Je suis arrivée la première, sous une pluie battante, j’avais peur d’être en retard. J’ai repéré le van noir, garé devant la mairie du XIe arrondissement de Paris. Deux femmes attendaient. L’autre passager est un homme. Il salue discrètement, s’engouffre dans le véhicule, à côté de moi. Nous sommes deux inconnus sur la même banquette, trimballant avec eux leurs souvenirs du 13 Novembre. La voiture démarre. Je lui demande s’il habite le XIe. Il me dit que non, il vit en banlieue. Je ne le relance pas. C’est lui qui poursuit : Vous êtes là comme victime ?
Je m’empresse de lui répondre. Non, non, je ne suis pas une victime. Je viens comme riveraine. J’habite juste à côté du Bataclan.
Je ne lui retourne pas la question.

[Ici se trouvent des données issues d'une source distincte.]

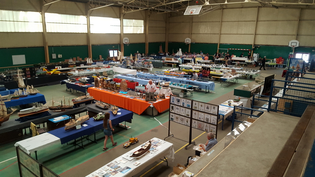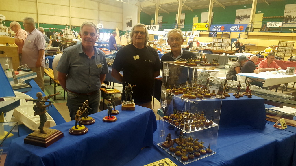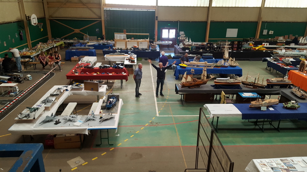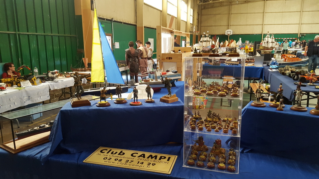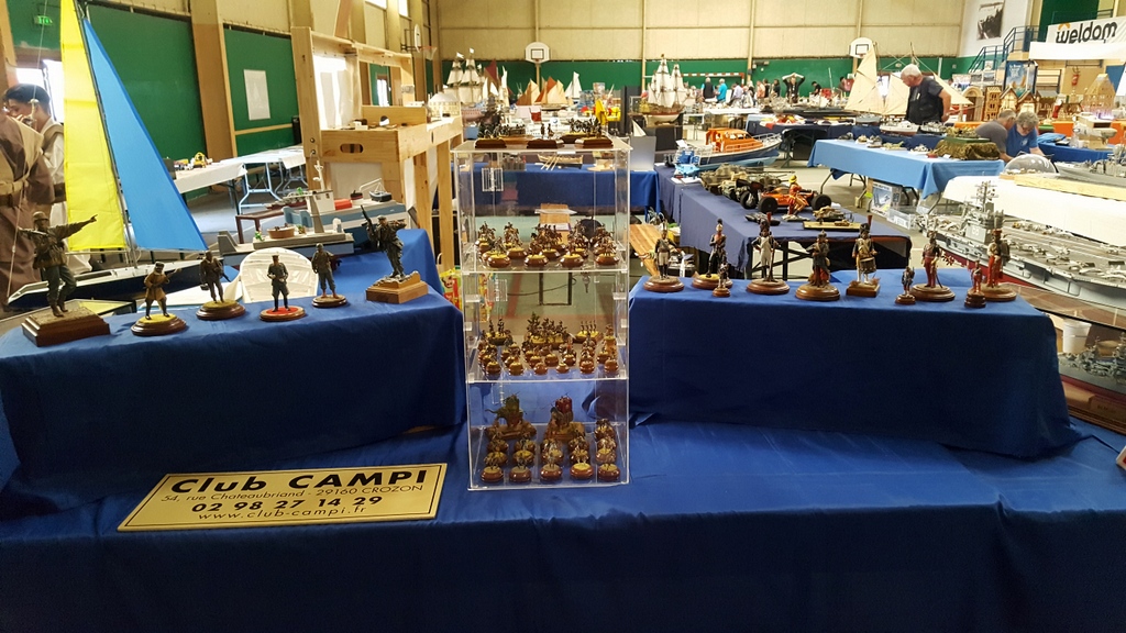 Changement radical de Cap pour le Campi. Après St Martin des Champs, direction le sud Finistère, plus précisément à Audierne. Salon organisé par le club Sud et Ouest de PLOUHINEC. Rendez vous des Campistes à telle heure à l’expo. Arrivée à l’heure prévue! Un petit bonjour à nos amis organisateurs et repérage du stand. Réservation prévue par Campi: 5 mètres. Et là petit malaise quand même, une seule table de 2.20 m. Juste de quoi présenter le porte-avions de l’ami Claude. Et Pierrot d’expliquer qu’il lui fallait aussi un peu de métrage de table. Affaire vite réglée par la mise en place de deux tables supplémentaires. 2,40 m en plus de quoi présenter bateaux sous vitrine et figurines. Club Campi bien installé pour les deux jours du salon.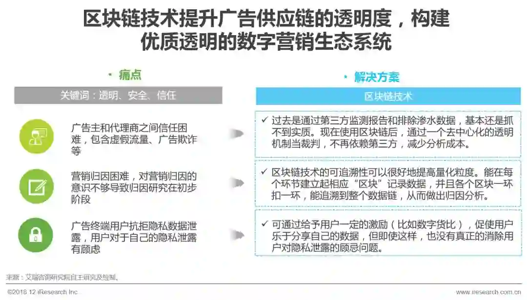 在最初,区块链只被应用到金融领域,后来逐渐应用到医疗领域,而如今,它对于数字营销的价值也逐渐被挖掘出来。在金融领域,区块链是一个不可修改也不可破解的数字分类账,它可以跟踪到每一笔货币的创建和交易,任何人所持有的比特币数量和他们的交易路径都是可见的,同时区块链还防止数据被删除或改写,一旦某份文件被改动,其他文件就会被同步更新,从而保证货币的透明度。区块链技术在营销上的应用价值主要是解决了广告链条当中存在的“透明”、“安全”、“信任”的问题。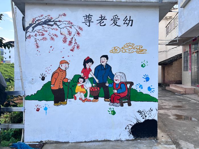 畫筆落下,南瑤村的墻面已成為文明傳承的鮮活載體。廣工“靚鄉(xiāng)突擊隊”以400平方米墻繪串聯起農耕記憶、現代動能與紅色傳承,讓傳統與現代在磚石上對話。去年村落生活場景與今年發(fā)展主題墻繪互文,共同構成完整的鄉(xiāng)土文明檔案。隊員與村民的攜手創(chuàng)作,讓藝術扎根大地,讓每一筆色彩都承載著在地情感與文化認同。這場青春助力的墻繪實踐,終以藝術之力為鄉(xiāng)村文明注入新活力,為鄉(xiāng)村振興留下溫暖注腳。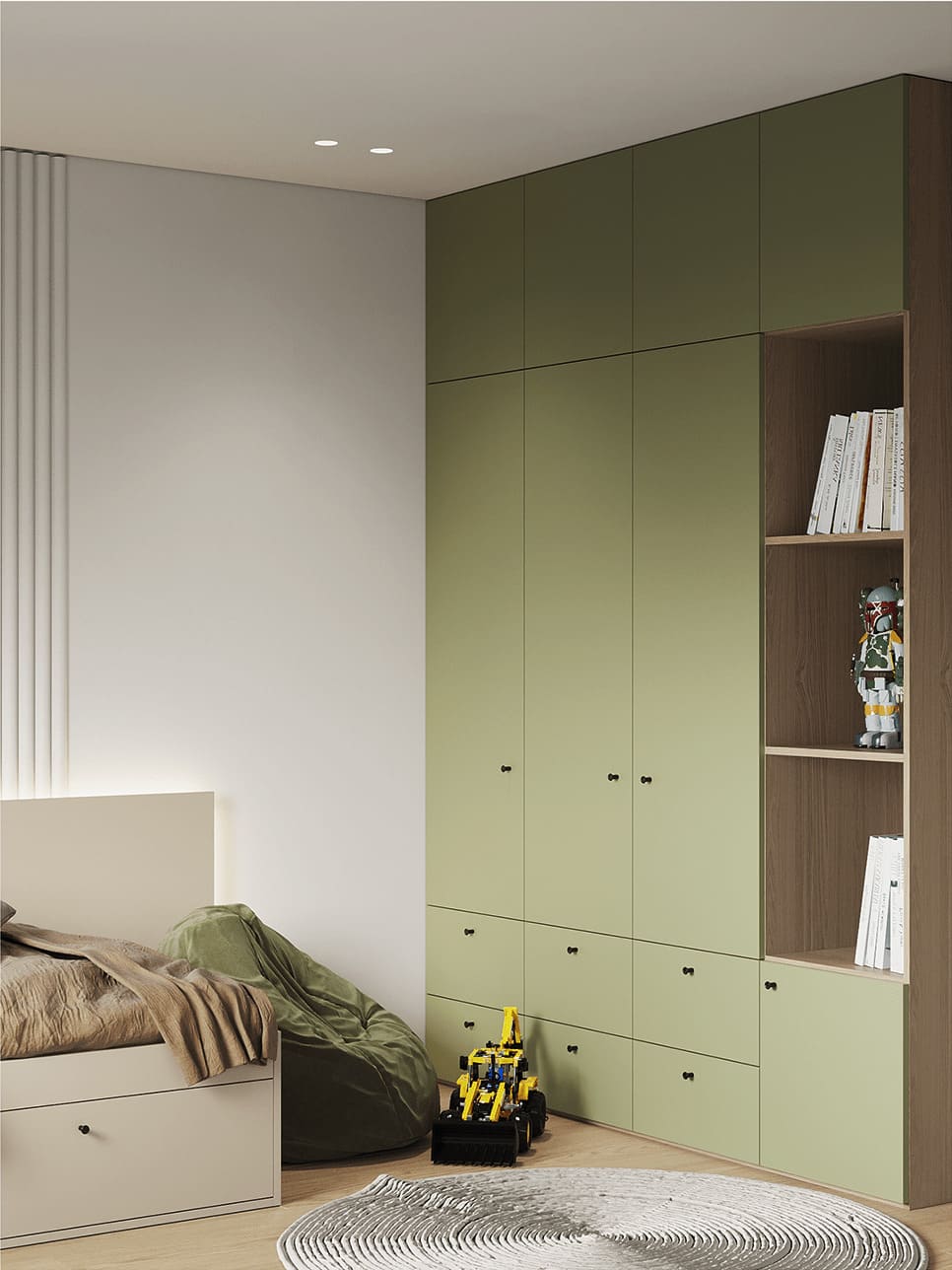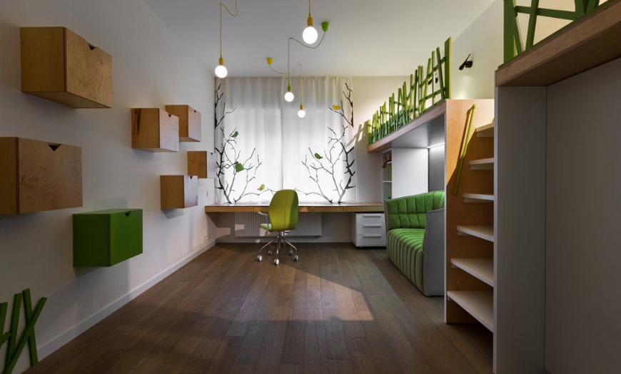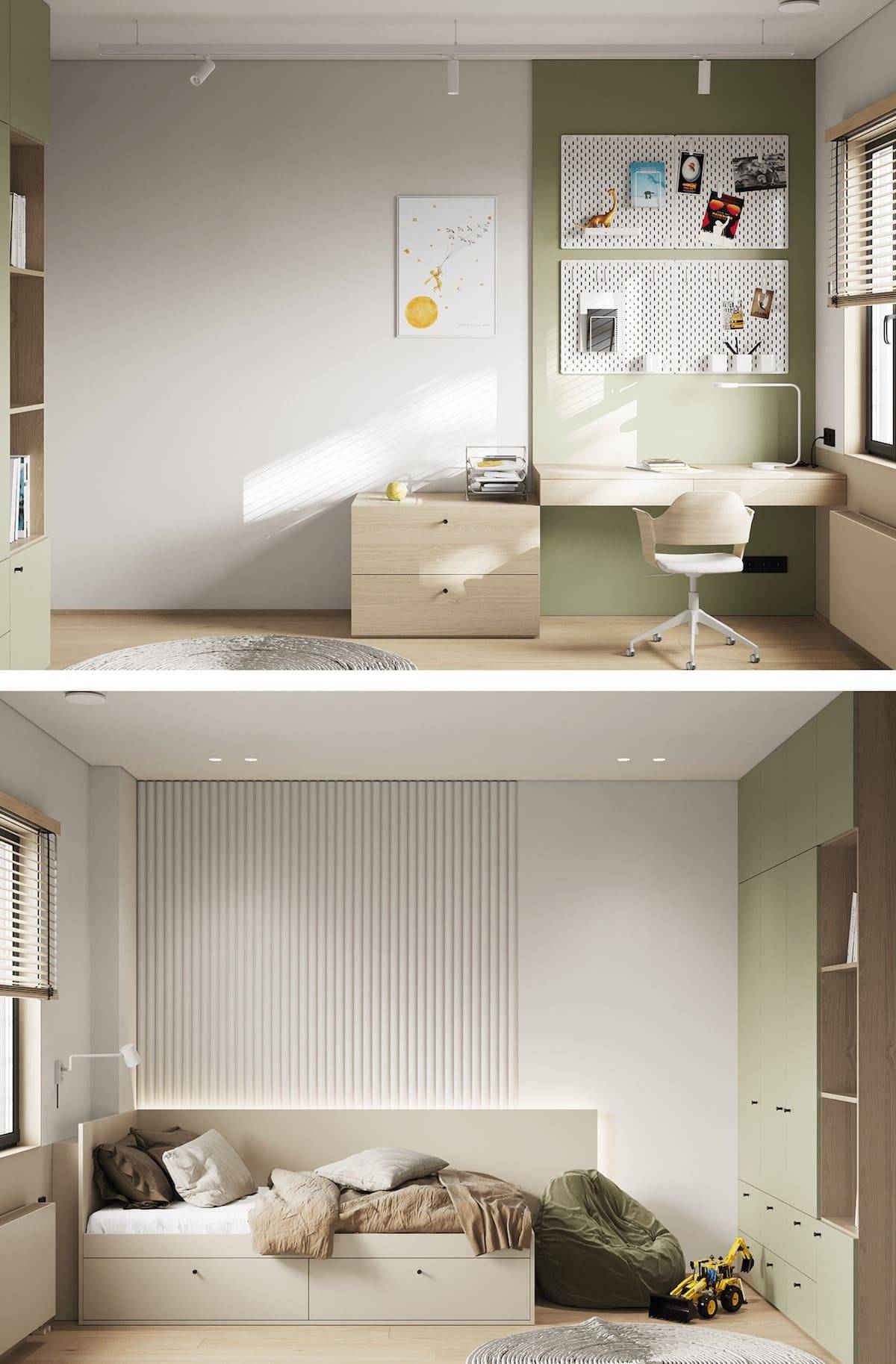 Детская комната в зеленых оттенках настраивает на спокойствие, позитив и творчество. Используйте правильные тона для помещений с северной или южной стороны. Чем южнее, тем холоднее оттенок.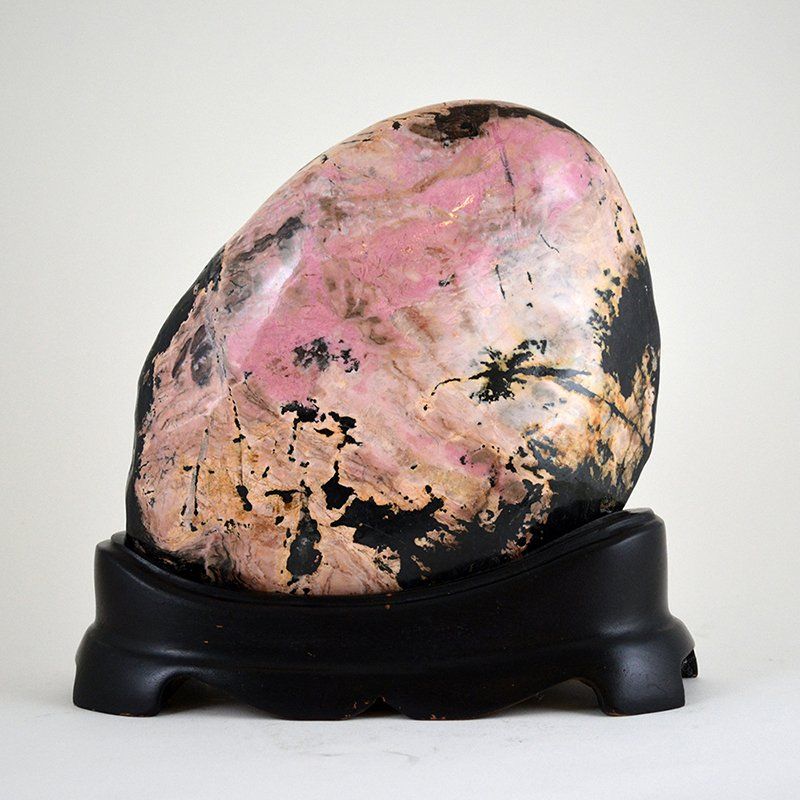 This beautiful Long River (Yangtze) cobble has been naturally worn smooth in the waters of the largest river in China. The fascinating layered pattern are reminiscent of ocean waves in a storm. Or, these may be endless waves in space or in one’s mind. Regardless, it is a stone that evokes feelings from viewers. This stone is 21 cm high, 17 cm wide and 6 cm deep; while the hand carved wood base with a water and fish motif is 10.8 cm high at its highest point, 17.5 cm wide and 9.5 cm deep at the bottom. It is in the collection of Tom Elias & Hiromi Nakaoji.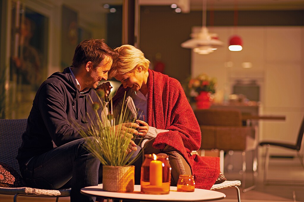 Der Bungalow überzeugt nicht nur mit seinem luftigen Ambiente, sondern auch mit praktischen Planungsdetails: Neben dem Bad befindet sich ein kleiner Wäscheraum und in der Diele sind ein Gäste-WC und genug Platz für eine große Garderobe eingeplant.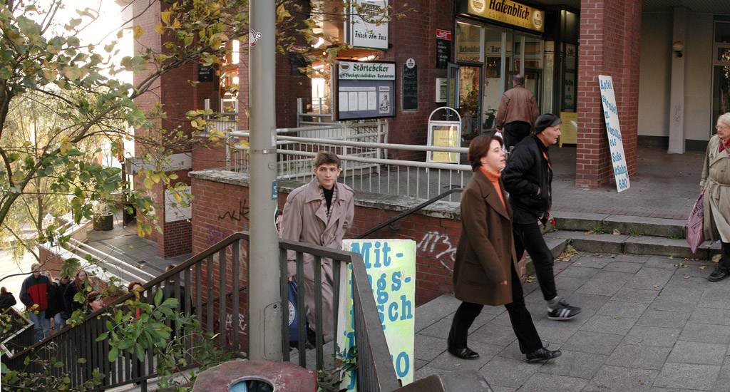 A range of 4 composites put together from 90 photographs, taken at the corner of Bernard-Nocht-Straße and Davidstraße, Hamburg, on the afternoon of Nov 3? 2000 within perhaps 10 minutes.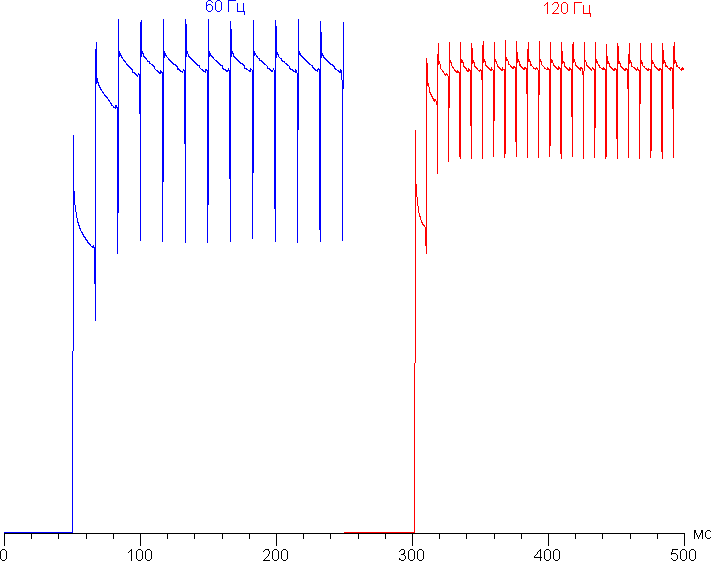 В режиме 120 Гц плавность прокрутки заметно повышается. Посмотрим, изменится ли при этом характер модуляции: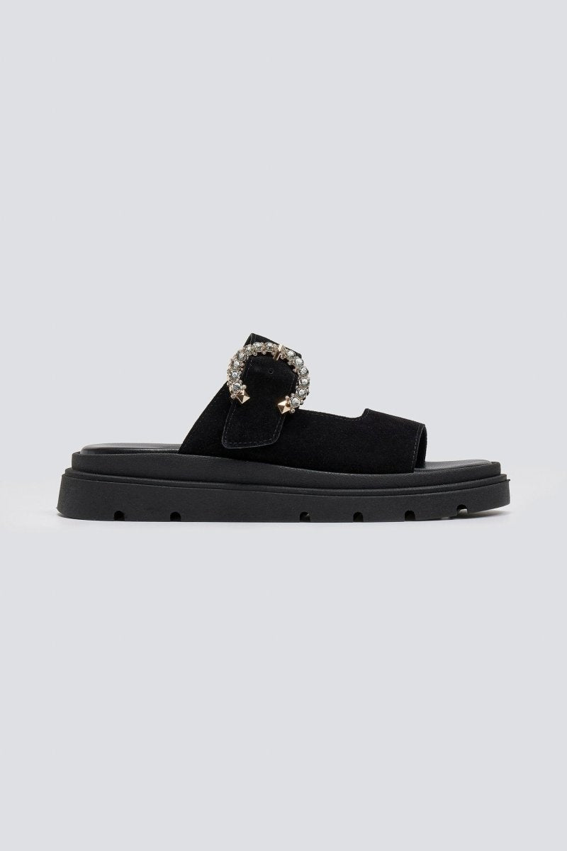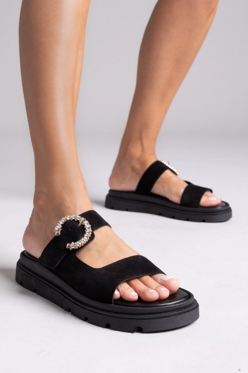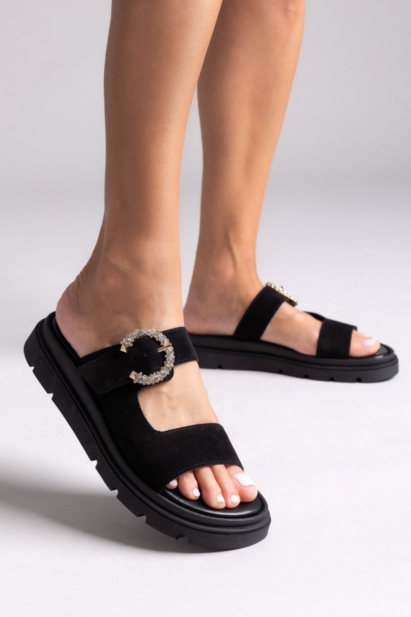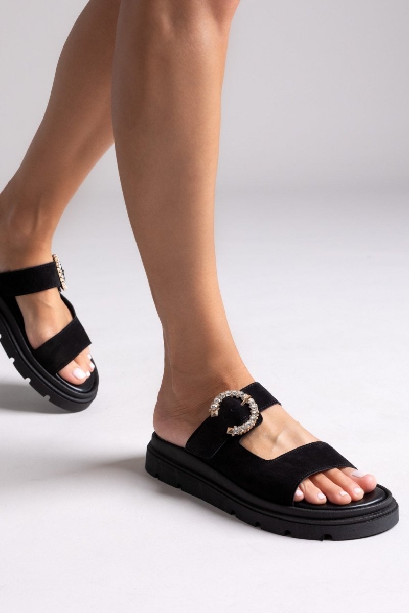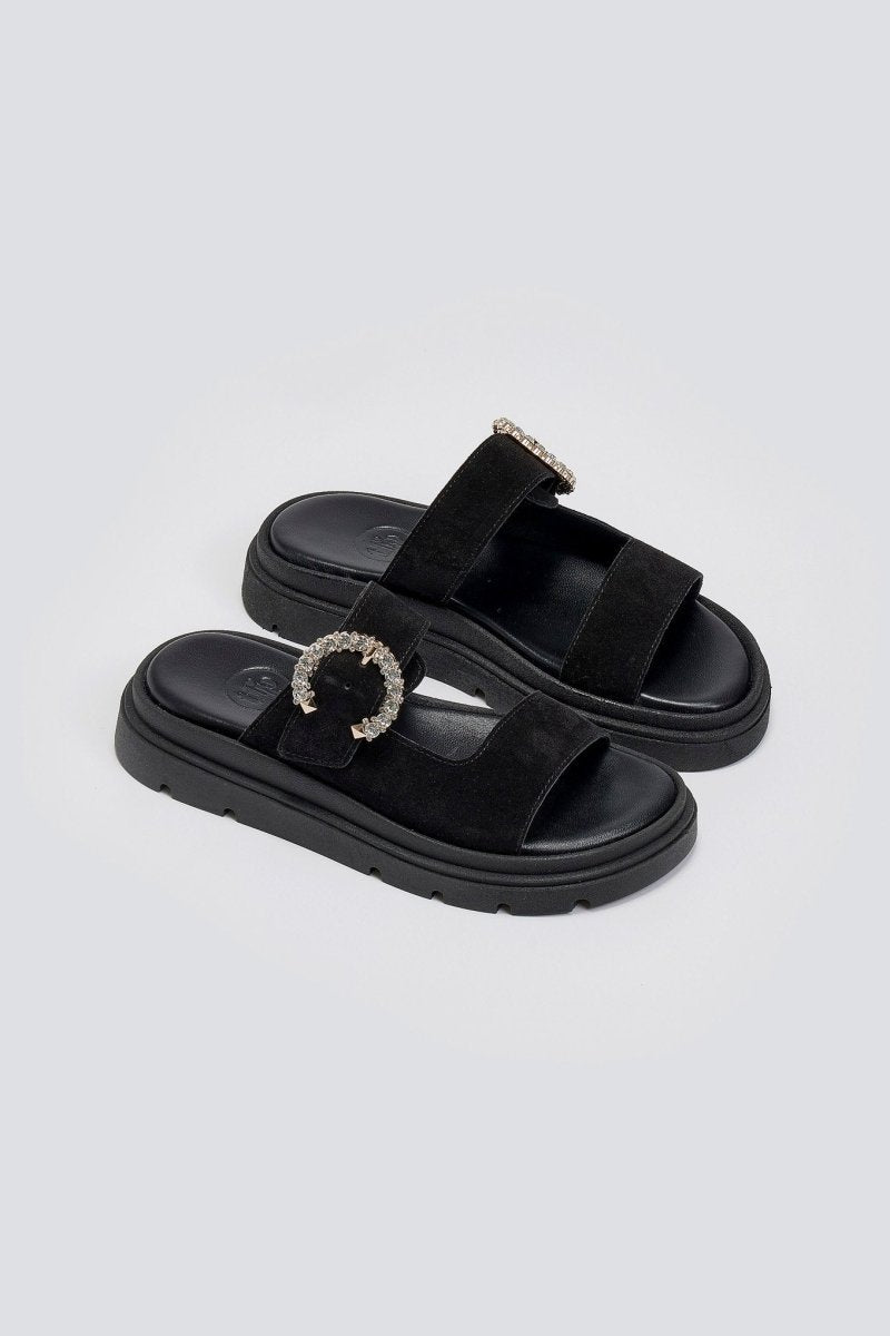 Σανδάλια καστόρινα με στρας τοκά Tfp - Μαύρο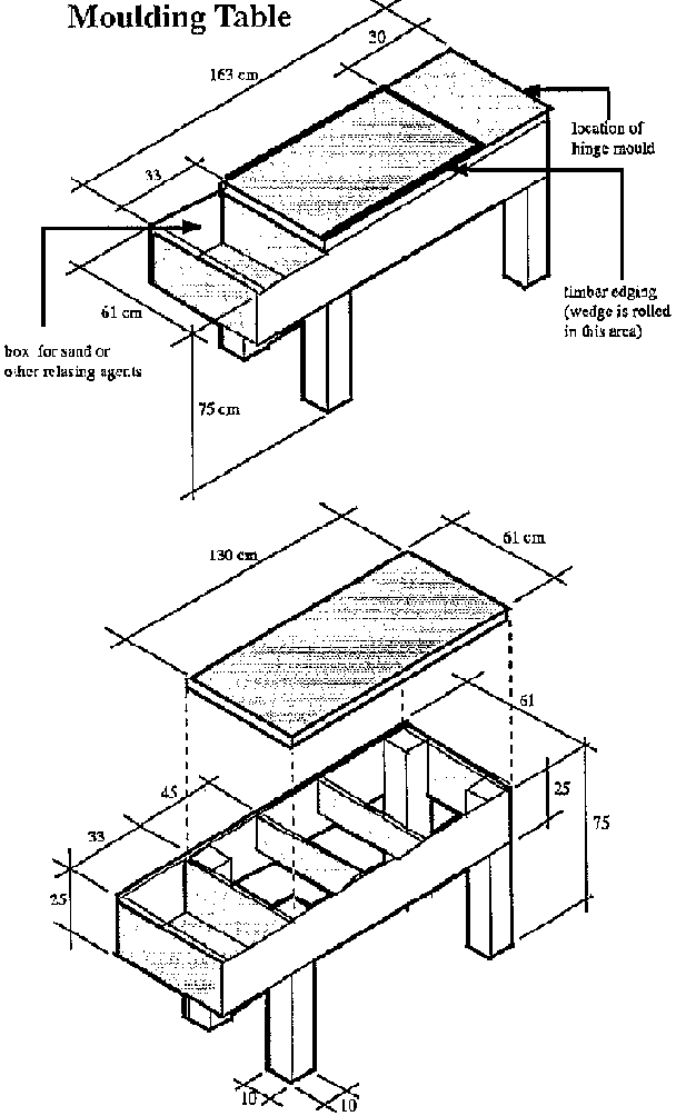 Before beginning to make the hinge mould you must determine two things. First, what will be the final fired brick size and second, how much does the soil shrink from its moulded to its fired brick state.

Je ne suis pas venue comme journaliste. Je regarde la route, les immeubles qui défilent, ces rues familières. Je l’entends dire : Moi, j’étais à l’intérieur du Bataclan.
Je me retourne vers lui. Je garde le silence. Nous sommes tous les deux volontaires pour participer à un vaste programme de recherche étalé sur plus de dix ans piloté par le CNRS (Centre national de la recherche scientifique) et l’Inserm sur la mémoire des attentats qui ont fait 130 morts, en novembre 2015. On nous emmène à Bry-sur-Marne (Val-de-Marne) à l’Institut national de l’audiovisuel (INA), qui conserve les archives de la télévision française, pour enregistrer notre témoignage. Les chercheurs comptent sur mille volontaires.
Le dispositif devrait rassembler cent cinquante scientifiques de plusieurs disciplines : des historiens, des sociologues, des linguistes, mais aussi des neuropsychologues… Je n’ai pas cherché à en savoir beaucoup plus sur ce programme avant d’être candidate.